Охота

Поздний октябрьский вечер. На улице пороша. Наступает рай для охотников - все следы, как на ладони.

Тихо открывается дверь, и в комнату на цыпочках входит девочка, лет двенадцати. Она спотыкается об охотничьи сапоги, стоящие у порога. Снимая обувь, задевает прислоненное к стене ружье, готовое упасть на пол. Подхватывает его и замирает, закатив глаза.

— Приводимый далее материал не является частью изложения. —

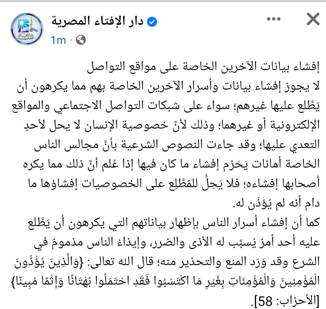 قالت دار الإفتاء في بيان لها منذ قليل ، إن إفشاء بيانات الآخرين الخاصة على مواقع التواصل:لا يجوز إفشاء بيانات وأسرار الآخرين الخاصة بهم مما يكرهون أن يَطَّلع عليها غيرهم؛ سواء على شبكات التواصل الاجتماعي والمواقع الإلكترونية أو غيرهما؛

- Смотрите, корова пришла, - шепотом замечает сидящая за столом ее восьмилетняя сестра.

- Ты где была?

- У соседей.

- Позже не могла прийти?

- Не могла.

- Ты что не знаешь, что папа завтра едет на охоту?

- Надолго?

- На два дня, как всегда.

- А мама где?

- Уже все спят давно.

- Я тоже спать хочу.

- А я, думаешь, нет?! - возмущается маленькая.

- Алька, давай завтра утром все сделаем, - канючит старшая.

- Ты ж не поднимешься в пять часов?!

- А сколько надо сделать?

- Шестьдесят штук.

- Ого. А каких?

- Там написано, - кивает Аля на тетрадный листок, лежащий на столе.

- А зачем еще и крупная дробь? На зайца ведь идет - разнесет вдребезги. И жакан?

Аля передразнивает сестру, скорчив рожицу: «И жакан». А если вдруг секача встретит?!

Присаживаясь к столу, старшая девочка берет журнал «Охота и охотничье хозяйство».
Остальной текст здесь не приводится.